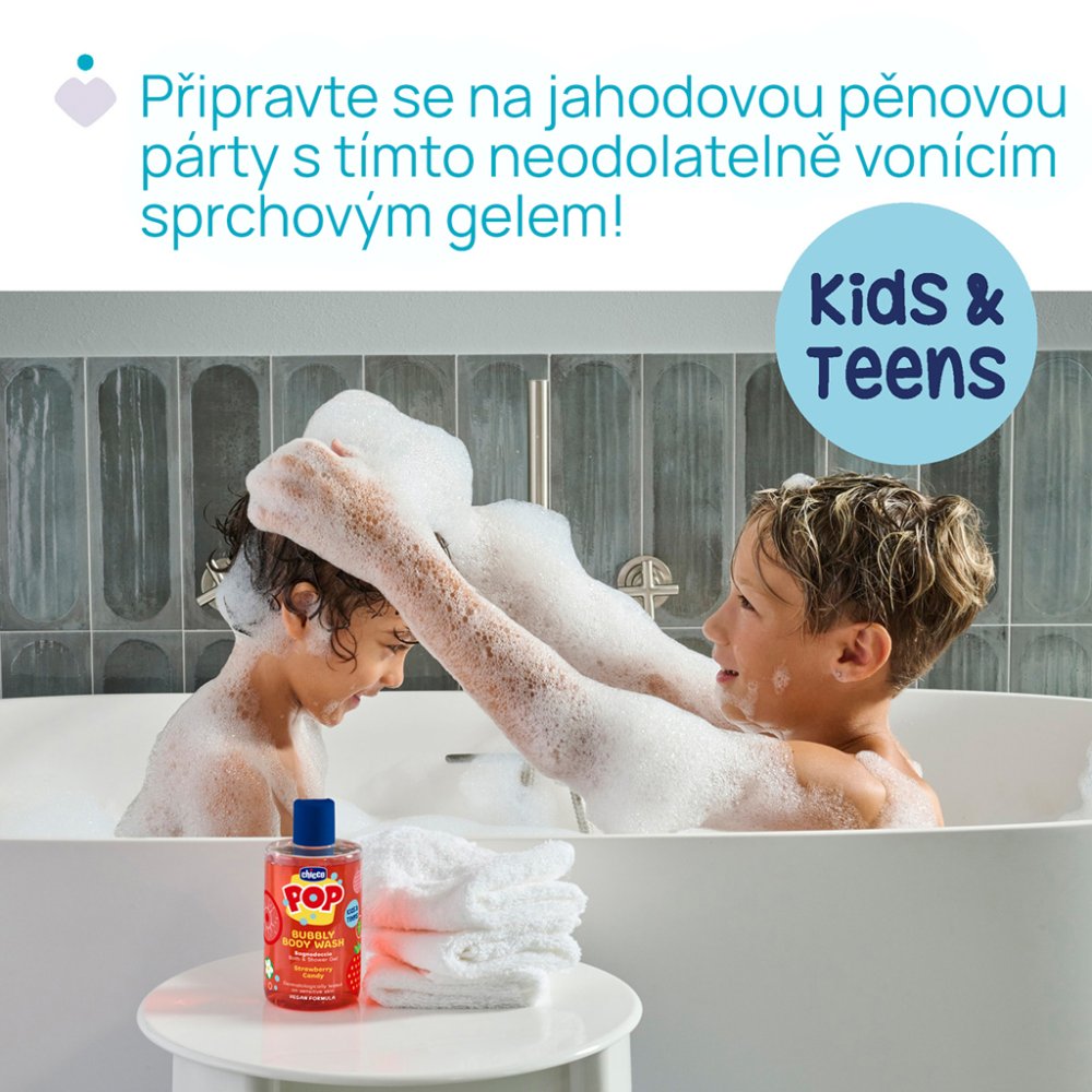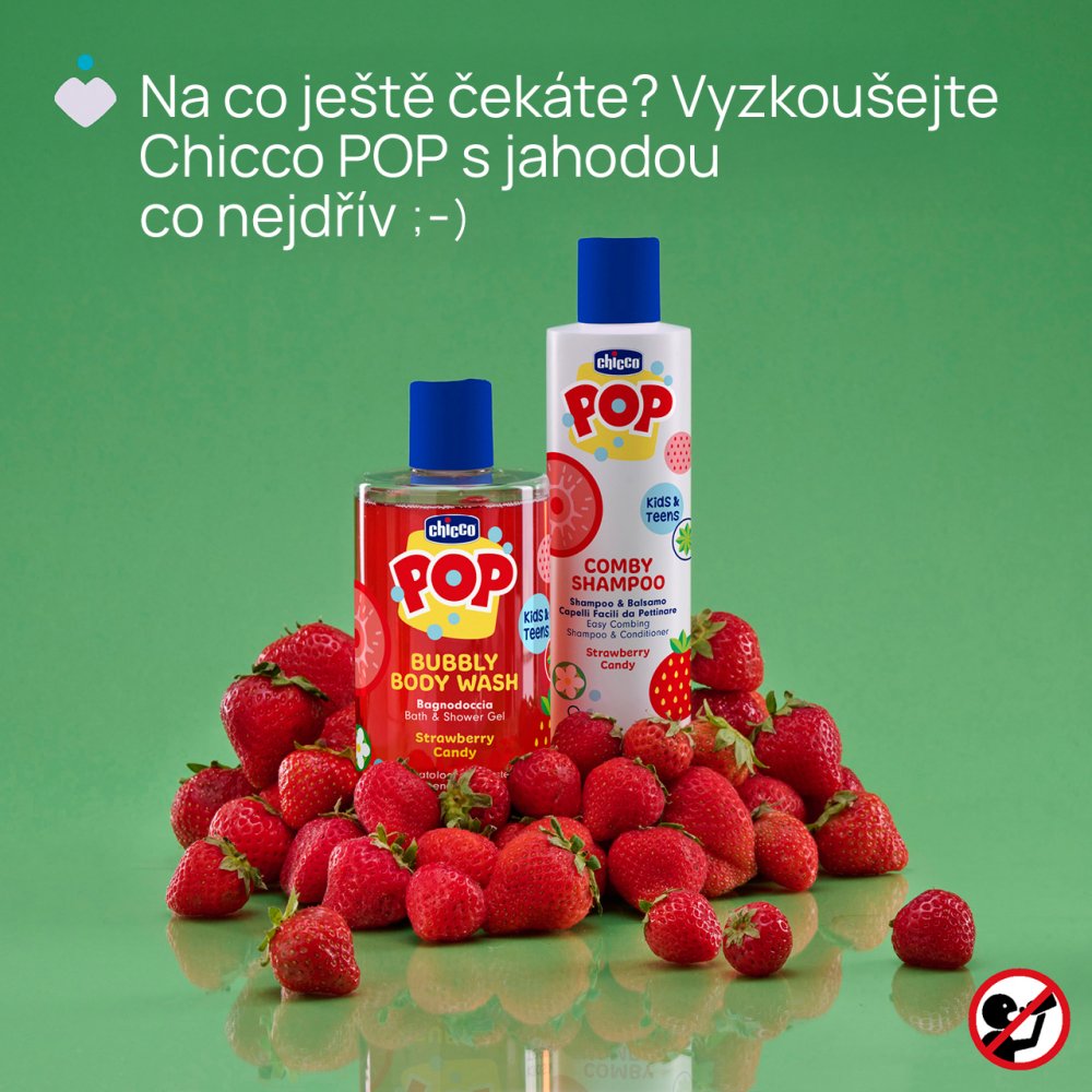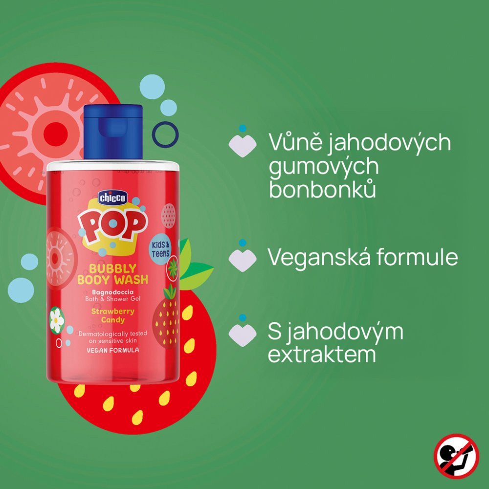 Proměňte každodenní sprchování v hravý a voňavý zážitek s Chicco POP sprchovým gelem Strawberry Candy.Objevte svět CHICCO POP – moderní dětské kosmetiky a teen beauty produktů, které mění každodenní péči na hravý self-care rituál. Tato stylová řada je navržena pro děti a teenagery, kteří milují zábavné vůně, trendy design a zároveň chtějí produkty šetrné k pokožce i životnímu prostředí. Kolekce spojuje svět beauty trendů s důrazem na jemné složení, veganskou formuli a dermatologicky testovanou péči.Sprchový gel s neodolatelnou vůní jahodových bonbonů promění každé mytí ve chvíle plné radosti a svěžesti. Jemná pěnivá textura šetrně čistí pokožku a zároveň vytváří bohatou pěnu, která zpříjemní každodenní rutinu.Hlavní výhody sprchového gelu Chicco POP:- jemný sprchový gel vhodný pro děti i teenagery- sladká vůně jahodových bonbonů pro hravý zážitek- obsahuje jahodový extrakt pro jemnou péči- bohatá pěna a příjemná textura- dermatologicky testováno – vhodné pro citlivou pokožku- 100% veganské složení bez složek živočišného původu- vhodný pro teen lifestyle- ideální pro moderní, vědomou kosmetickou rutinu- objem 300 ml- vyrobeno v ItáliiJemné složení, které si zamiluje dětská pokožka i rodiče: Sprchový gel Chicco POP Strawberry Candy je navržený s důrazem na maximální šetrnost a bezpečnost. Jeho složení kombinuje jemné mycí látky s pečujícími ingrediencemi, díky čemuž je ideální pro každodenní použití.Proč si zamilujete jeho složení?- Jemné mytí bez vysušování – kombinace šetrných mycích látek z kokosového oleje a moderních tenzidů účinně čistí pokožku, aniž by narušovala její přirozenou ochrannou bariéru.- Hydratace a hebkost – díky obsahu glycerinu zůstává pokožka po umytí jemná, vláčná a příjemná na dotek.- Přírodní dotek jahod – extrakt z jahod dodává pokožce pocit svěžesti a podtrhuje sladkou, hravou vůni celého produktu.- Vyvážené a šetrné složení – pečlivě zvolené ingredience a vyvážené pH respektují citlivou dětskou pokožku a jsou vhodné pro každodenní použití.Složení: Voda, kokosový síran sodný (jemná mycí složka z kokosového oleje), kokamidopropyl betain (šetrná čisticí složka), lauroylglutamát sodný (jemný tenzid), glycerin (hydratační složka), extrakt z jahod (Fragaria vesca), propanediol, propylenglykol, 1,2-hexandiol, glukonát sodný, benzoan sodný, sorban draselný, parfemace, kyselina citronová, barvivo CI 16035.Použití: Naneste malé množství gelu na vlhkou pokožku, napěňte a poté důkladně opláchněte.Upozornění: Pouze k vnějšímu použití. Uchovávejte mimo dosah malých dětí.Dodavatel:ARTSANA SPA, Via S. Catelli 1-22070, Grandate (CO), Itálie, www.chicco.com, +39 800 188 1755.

★ ★ ★ ★

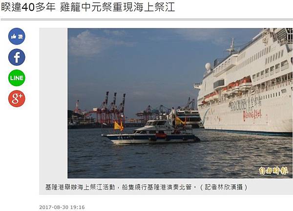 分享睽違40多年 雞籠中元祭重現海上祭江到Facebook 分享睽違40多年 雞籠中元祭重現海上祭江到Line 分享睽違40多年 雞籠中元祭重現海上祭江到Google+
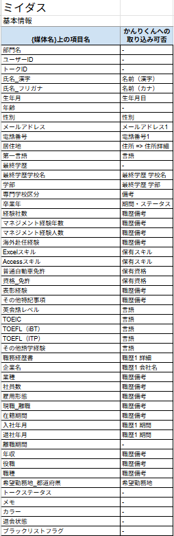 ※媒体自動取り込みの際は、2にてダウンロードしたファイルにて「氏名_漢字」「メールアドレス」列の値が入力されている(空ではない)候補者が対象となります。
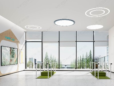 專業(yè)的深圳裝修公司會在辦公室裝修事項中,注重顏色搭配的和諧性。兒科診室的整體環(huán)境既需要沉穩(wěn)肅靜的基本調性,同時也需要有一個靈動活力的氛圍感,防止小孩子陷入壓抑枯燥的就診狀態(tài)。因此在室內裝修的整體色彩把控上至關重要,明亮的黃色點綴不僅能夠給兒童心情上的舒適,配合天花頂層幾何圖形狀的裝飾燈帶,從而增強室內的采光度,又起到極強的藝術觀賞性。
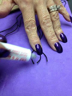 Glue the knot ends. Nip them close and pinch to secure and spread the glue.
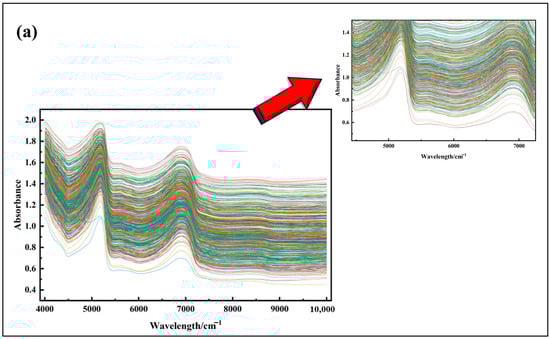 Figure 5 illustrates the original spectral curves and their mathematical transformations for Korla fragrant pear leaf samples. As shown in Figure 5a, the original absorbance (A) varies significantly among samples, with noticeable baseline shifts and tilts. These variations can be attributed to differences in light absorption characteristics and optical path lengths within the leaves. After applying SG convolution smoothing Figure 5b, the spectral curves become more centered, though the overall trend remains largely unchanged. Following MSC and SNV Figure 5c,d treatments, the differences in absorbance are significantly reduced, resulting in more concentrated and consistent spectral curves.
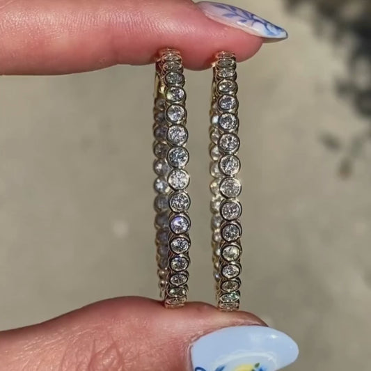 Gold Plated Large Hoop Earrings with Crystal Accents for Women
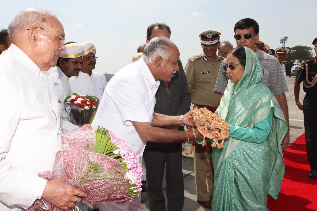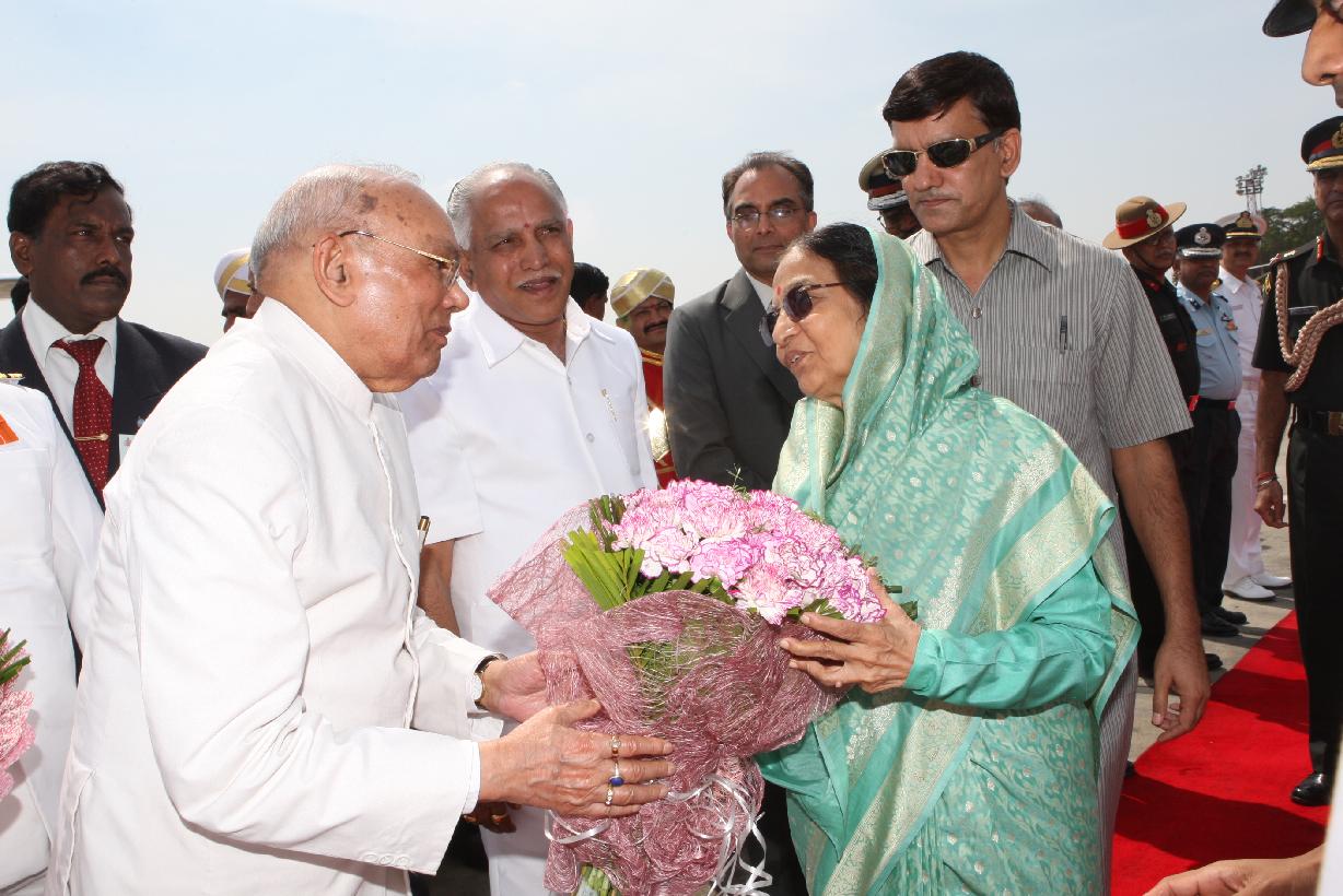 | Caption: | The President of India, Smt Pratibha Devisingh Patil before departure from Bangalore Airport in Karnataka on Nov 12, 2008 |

★ ★ ★ ★

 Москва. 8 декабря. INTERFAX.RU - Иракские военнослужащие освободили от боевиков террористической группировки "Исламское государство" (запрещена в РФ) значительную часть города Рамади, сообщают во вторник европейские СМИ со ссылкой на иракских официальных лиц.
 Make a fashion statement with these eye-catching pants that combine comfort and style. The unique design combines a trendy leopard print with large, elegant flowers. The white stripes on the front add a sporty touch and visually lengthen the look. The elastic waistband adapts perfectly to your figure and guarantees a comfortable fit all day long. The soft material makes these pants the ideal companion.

★ ★ ★ ★

» **What you have to do**:
For the material above, give again only the lines starting at the line that contains "Figure 5 illustrates" and ending at the line that contains "Nov 12, 2008 |". Pictures do not belong in the copy.

» **Answer section**:
 Figure 5 illustrates the original spectral curves and their mathematical transformations for Korla fragrant pear leaf samples. As shown in Figure 5a, the original absorbance (A) varies significantly among samples, with noticeable baseline shifts and tilts. These variations can be attributed to differences in light absorption characteristics and optical path lengths within the leaves. After applying SG convolution smoothing Figure 5b, the spectral curves become more centered, though the overall trend remains largely unchanged. Following MSC and SNV Figure 5c,d treatments, the differences in absorbance are significantly reduced, resulting in more concentrated and consistent spectral curves.
 Gold Plated Large Hoop Earrings with Crystal Accents for Women
 | Caption: | The President of India, Smt Pratibha Devisingh Patil before departure from Bangalore Airport in Karnataka on Nov 12, 2008 |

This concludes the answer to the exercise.